# Relative motion - Cylinders rolling between two identical planks

Today i ran onto this simple problem, which seemed to be interesting to me. Given the illustration bellow, the problem is states as:

Two identical cylinders roll in between two identical planks. If the velocity of each cylinder is $\vec{v}$ and the velocity of the bottom plank is $\vec{u}$ ($|\vec{v}| > |\vec{u}|$), find the velocity the man standing on the top plank needs to obtain with respect to it[the top plank], for which he covers distance $s$ in $t$ seconds in the stationary reference frame ( observer's frame ). Will the velocity vector point right or left? ( $\vec{v}$ and $\vec{u}$ are both given with respect to the stationary reference frame ). All friction is to be neglected and the cylinders are assumed to be rotating without slipping. Let $\vec{v_m}$ be the sought velocity.

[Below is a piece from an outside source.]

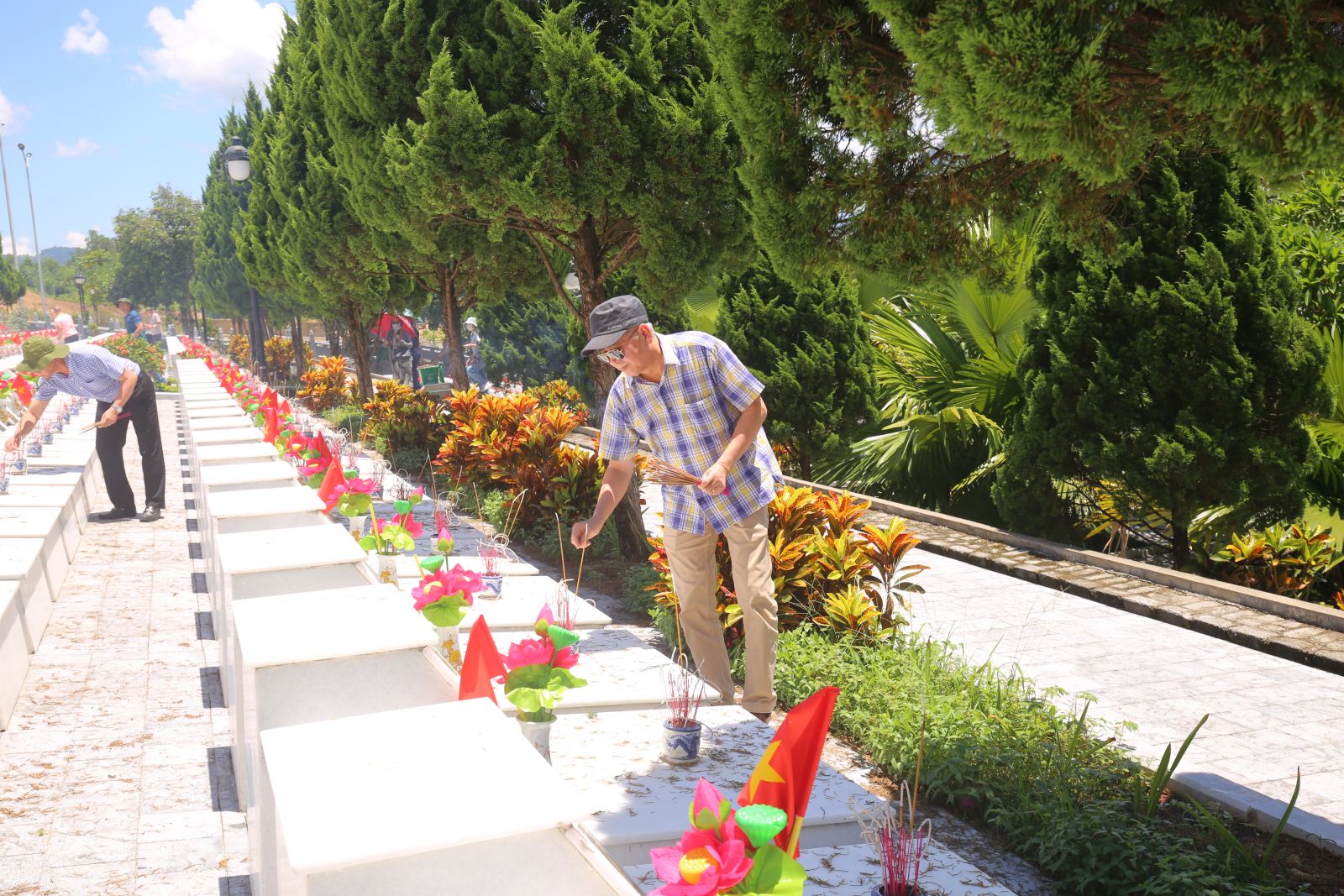 Trong không khí trang nghiêm, các thành viên trong đoàn công tác MIPEC không dấu nổi sự xúc động, thành kính dâng vòng hoa, thắp những nén hương lên đài tưởng niệm, lên từng ngôi mộ liệt sỹ, bày lòng biết ơn vô hạn và khắc ghi công lao to lớn của anh hùng liệt sỹ đã anh dũng chiến đấu, hy sinh cả tuổi thanh xuân của mình để bảo vệ từng tấc đất biên cương thiêng liêng của Tổ quốc. Xin các anh hãy yên giấc ngàn thu trong lòng đất Mẹ, hồn thiêng của các anh sẽ phù hộ cho non sông đất nước Việt Nam luôn yên bình!

Interestingly, a naive approach would be to immediately write $$\vec{v_m} = \frac{\vec{s}}{t} - \vec{v}$$ since one might think that the velocity of the upper plank with respect to the stationary observer is$\vec{v}$.

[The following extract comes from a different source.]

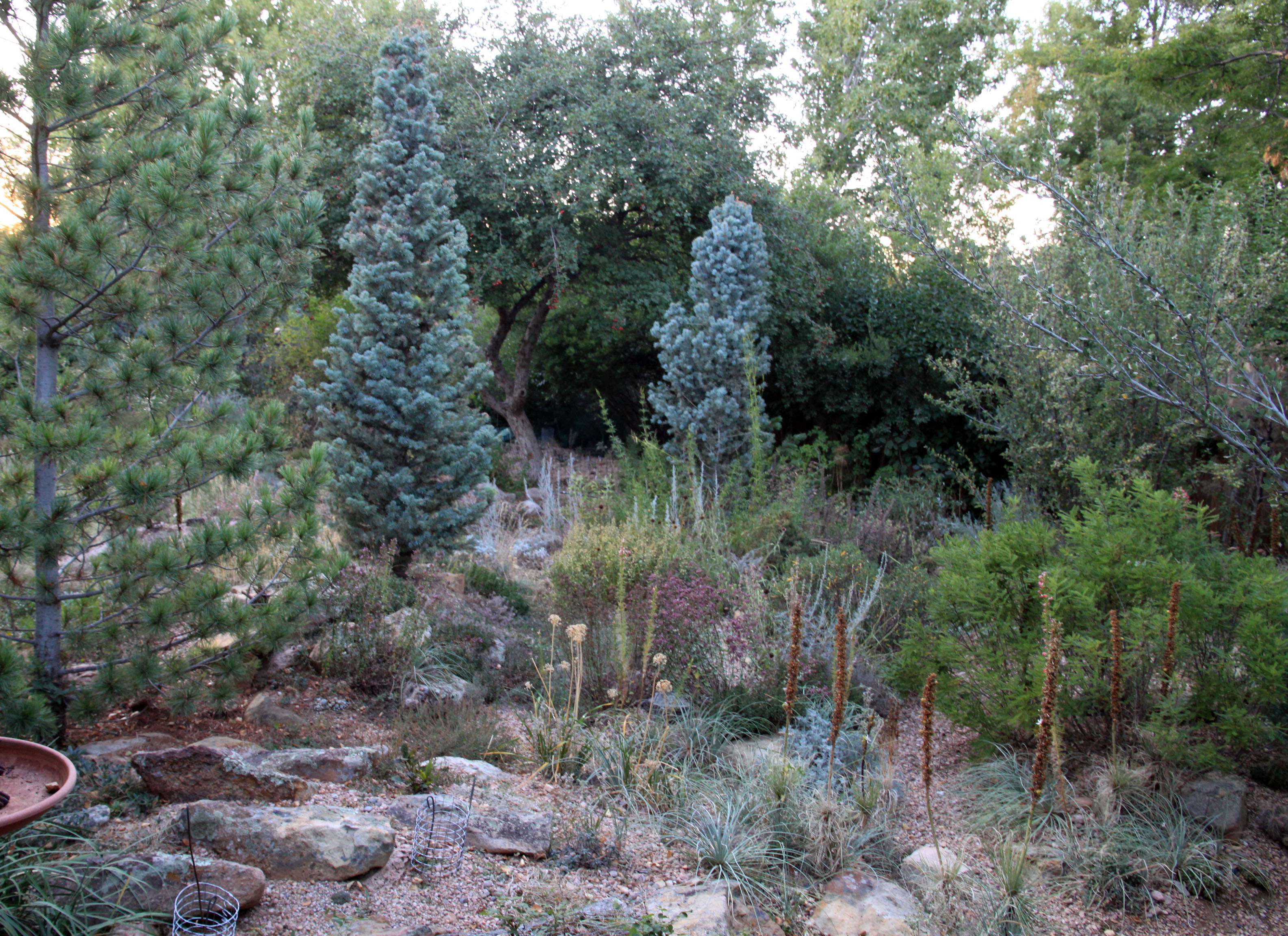 Yes, thanks, the cold eyed stare. The conifer is Abies lasiocarpa var. arizonica ‘Compacta’, or some such thing. Fastigiate blue spruce behind, still tied up from last winter. He doesn’t really mind the sciatica; it gives him an excuse to get out of things, sometimes. Without going into detail, it happened the night Chess died. So it’s not really a bad thing. The guy I live with says that Aster lateriflorus won’t survive here. Tried it several times. Much too dry. But there are other great ones. Vines, maybe.

However, after inspecting the problem more thoroughly, I've come to the following conclusion:

• The velocity of the upper plank comes solely from the rotation of the cylinders.
• Angular velocity of each of the cylinders is$\$ $\omega = \frac{v-u}{R}$

From here it seems that the velocity of the upper plank with respect to the stationary reference frame might be $$\vec{u}' =\vec{v} - \vec{u}$$

And the sought velocity is: $$\vec{v_m} = \frac{\vec{s}}{t} - \vec{u'}$$

Which seems to be ok intuitvely ( the greater the magnitude of $\vec{v}$, the smaller the relative speed of the man needs to be ). However, it's still bugging me and making me believe the motion of the bottom plank affects the motion of the upper plank ( other than in the elaborated way ). Is there something wrong with this reasoning?

Note: Although this is not a school problem, I'll tag it as homework because this seems the kind of a problem that would appear in homework problems.

EDIT: By "stationary reference frame" I mean the frame on which the observer is standing ( e.g. Earth ), observing motion of the system"

## 1 Answer

When a cylinder is rolling, the relative velocity between its bottom and top is twice velocity of COM. In the given problem, if you take u=0, then you can see that the velocity of upper plank with respect to lower plank is 2v. Therefore, when the plank moves in the same direction as cylinder, its velocity gets added to this quantity giving you the velocity of upper plank with respect to stationary plane as 2v+u.

Now, this is the velocity of the man when he is standing still on the plank. For him to move s units in t seconds in the same direction as plank and cylinder , he needs a velocity of s/t in the same direction. So now you need to subtract the velocity of still man ( 2v+u) from s/t. This will give you the necessary velocity in the direction of motion of cylinder and planks. If it is positive, then the man needs to move faster in this direction as he is moving too slow and covering less than s units in t seconds . If it is negative, then he needs to run in the opposite direction as he is moving too fast and covering more than s units in t seconds.